A história acompanha Finn Dodd (Winona Ryder), uma garota trabalhando em mais uma versão de sua tese de mestrado após começar e abandonar várias outras. Quando seu namorado a pede em casamento, ela pede um tempo para pensar e decide se retirar por alguns meses na casa de sua avó, onde encontra toda a calma e tempo no universo para colocar as idéias no lugar e talvez finalmente concluir sua tese. Conforme convive com sua avó, tia avó e as amigas delas, que sempre estão visitando, Finn escuta as histórias de vida delas e descobre as várias faces possíveis do amor.

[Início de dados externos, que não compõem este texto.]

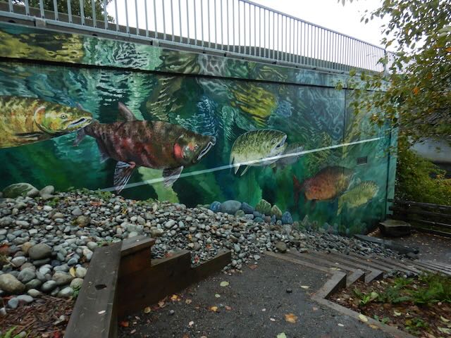DSCN9159 Published October 17, 2023 at 640 × 480 in Trip Report – Haig-Brown House and Baikie Estuary – 16 Oct 2023 Salmon mural

Existe um risco ao contar uma história usando várias histórias, ou seja, transmitir uma mensagem ampla através de outras individuais isoladas. Como a transmissão é dividida, decentralizada, ela fica refém do sucesso de não só uma narrativa, mas várias delas. Em primeiro lugar, todos os arcos devem falar da mesma coisa e um significado maior tem de ser extraído a partir de uma visão de todos juntos. A pior coisa que pode acontecer é não haver um sentimento de propósito em nenhum desses interlúdios narrativos, algo que pode também acontecer em apenas alguns deles. Ou talvez seja possível encontrar propósito desacompanhado de competência, contudo. Todas essas são questões a se ter em mente ao tentar algo como “How to Make an American Quilt”, que tem como arco principal a história da jovem Finn complementada pelas histórias de algumas participantes do grupo de costura. No mínimo, pode-se dizer que o erro mais preocupante não é cometido por conta de existir unidade narrativa entre todos os contos.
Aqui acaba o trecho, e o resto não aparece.